Responding to Questions About Sexuality
You may have your own beliefs about sexuality, but you can remind your child that you will love and support them regardless. To put action behind your words, engage with support groups to help educate yourself. Encourage your child to become involved in their school’s GSA (Gay-Straight Alliance or Gender and Sexuality Alliance) organization to help build their community.
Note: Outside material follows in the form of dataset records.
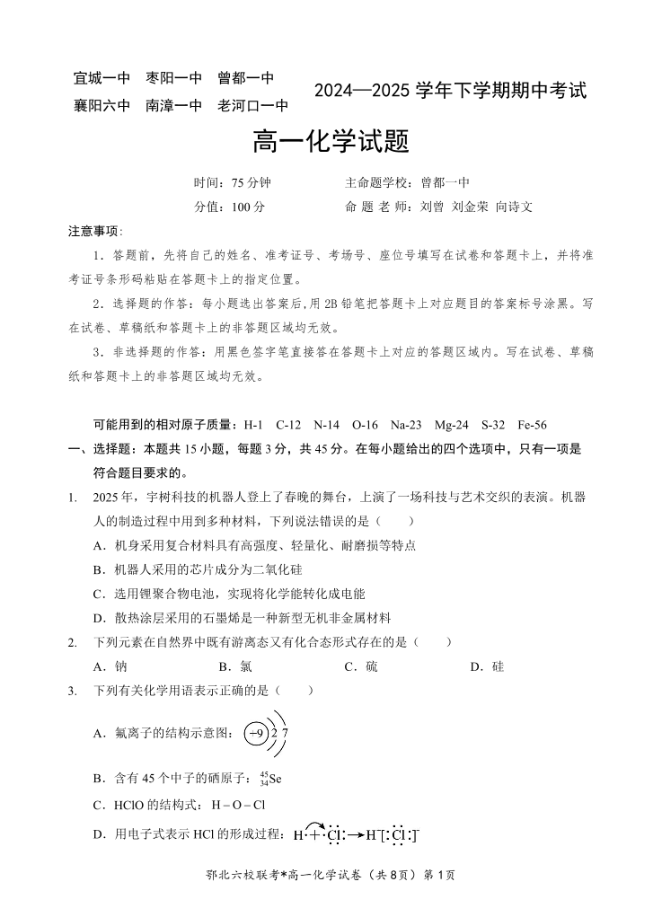 鄂北六校高一化学.pdf
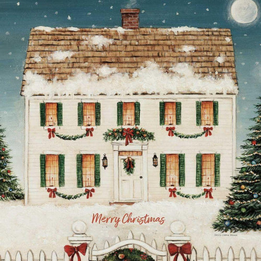 Merry Lil House Sq Merry Christmas White Modern Wood Framed Art Print with Double Matting by Brown, David Carter
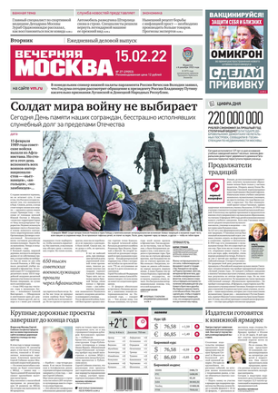 «Вечерняя Москва» — ежедневная российская вечерняя газета, старейшее из вечерних изданий в России, учрежденное в 1923 году. Выходит пять дней в неделю, кроме субботы и воскресенья. Отличается тем, что рассказывает о событиях еще не завершившегося дня. Оперативно освещает хронику и особенности жизни Москвы, охватывает все слои общества и большинство профессиональных и возрастных групп читателей.Издание представлено тремя выпусками – утренним ежедневным, вечерним (выходит три раза в неделю), еженедельным (выходит по четвергам).
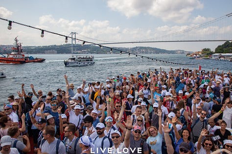 Three thousand people passed through. Eight hundred active at peak. We became the largest team at the Bosphorus Cross-Continental Swim. I crossed it four times. We were the biggest crew in Oceanman worldwide. Largest team at Vienna, Munich, and Cyprus marathons. 180 out of 400 Ukrainian slots were ours on Bosphorus. From the whole country. Registration closed in 7 minutes.
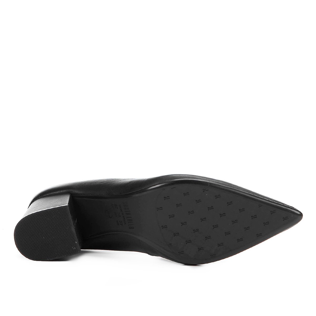 Scarpin Couro Santa Lolla Salto Médio Bloco Bico Fino - Preto
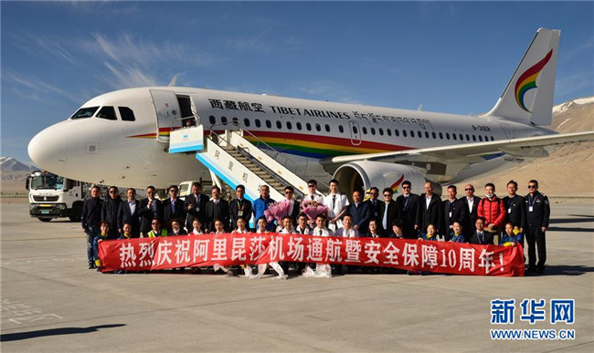 7月1日9點52分,西藏航空TV6008客機降落阿里昆莎機場,西藏阿里昆莎機場迎來通航10周年。 2010年7月1日,阿里昆莎機場正式通航,從此天塹變坦途。通航10年間,昆莎機場已累計保障航班起降7169架次,運輸旅客491367人次,運輸物資365噸。
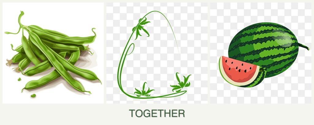 - Space Efficiency: Using vertical space for beans allows melons to spread on the ground.
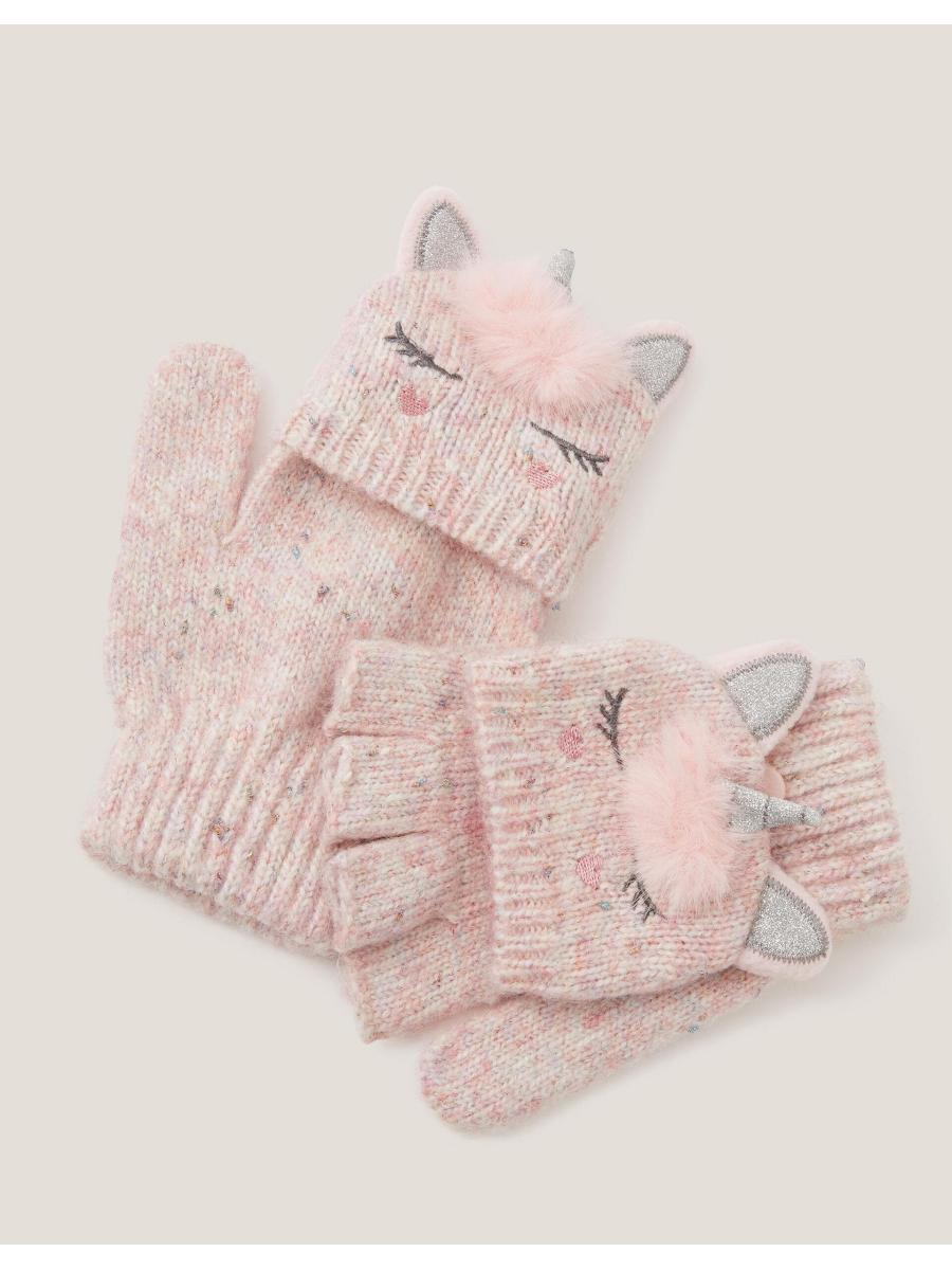 Unicorn accessories? big YES. Stitched with stardust (and baby pink yarns), these gloves have optional mitten covers they can button down or fold over the fingerless design. Pink
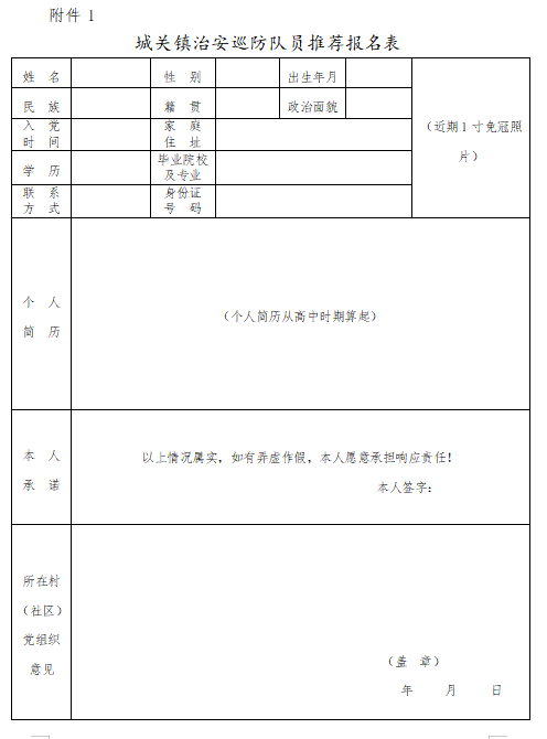 附件1:《城關(guān)鎮(zhèn)治安巡防隊(duì)員推薦報名表》
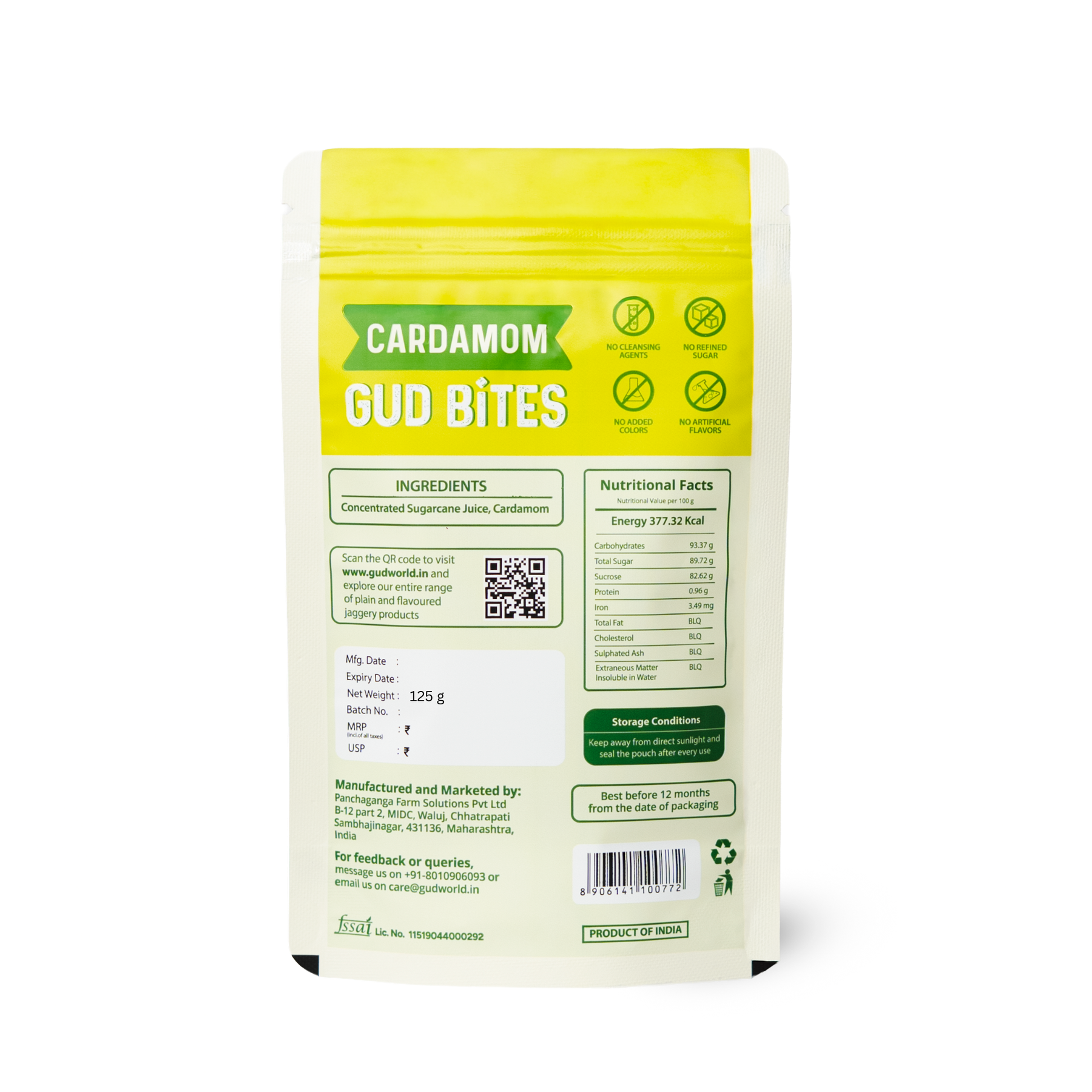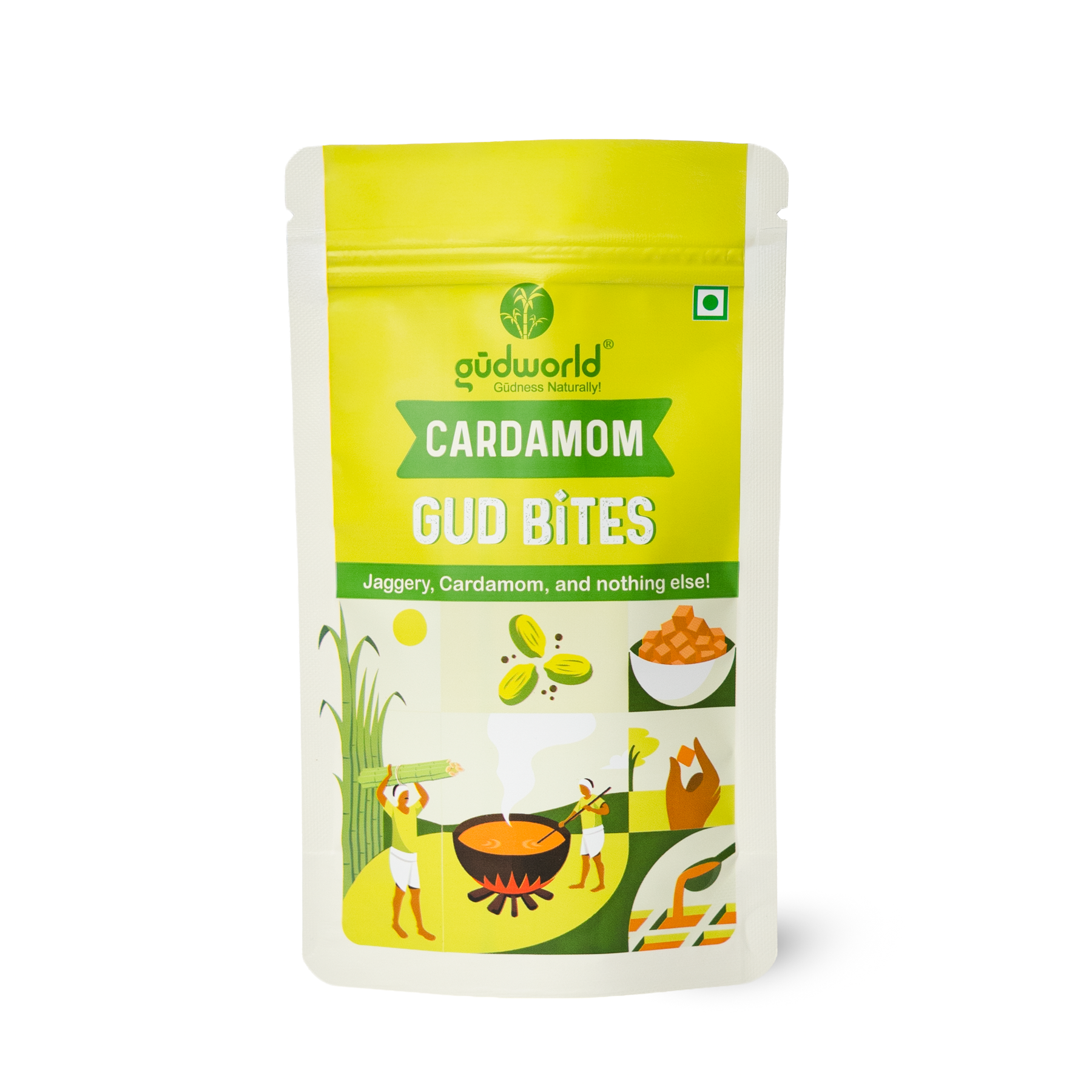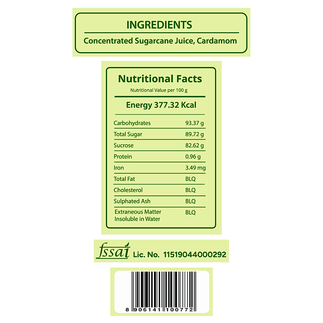 • We make our Cardamom Gud Bites from Organically grown Sugarcane and Cardamom by following a chemical-free process that makes it 100% Natural.

You can also search for a non-biased health care provider to answer questions your child has that you aren’t equipped to respond to.
Responding to Questions About Abortion
Again, regardless of your stance on abortion, Hope said parents can help their children understand it. “Parents can talk about abortion from the perspective of it being a medical procedure that in the past 40-50 years has become politicized.” It will help explain that abortion is another outcome of pregnancy because all situations involving pregnancies are not similar.
This is a great time to remind your child of their reproductive rights and body autonomy, regardless of their personal beliefs or how someone chooses to identify.
Hope said parents can also use the conversation as an opener to talk about other things, like pregnancy, periods, birth control, STIs/STDs, hormones, and more since all of these things are interconnected and related to abortion in some way. You can even discuss the reversal of Roe v. Wade and what it means for your state.
Sex doesn’t have to be a taboo discussion. As parents, we are responsible for creating a safe space for our children to talk to us and navigate the world. Again, we may have our personal beliefs about sex, but all children should know their consent and rights matter. They should also know to respect the decisions of others.
As parents, we have to work toward understanding how our prior experiences have shaped our view on sex. Letting our children know that we don’t always have the answers is okay. And if our child makes a decision we disagree with, we shouldn’t consider ourselves failures. Life is a learning process.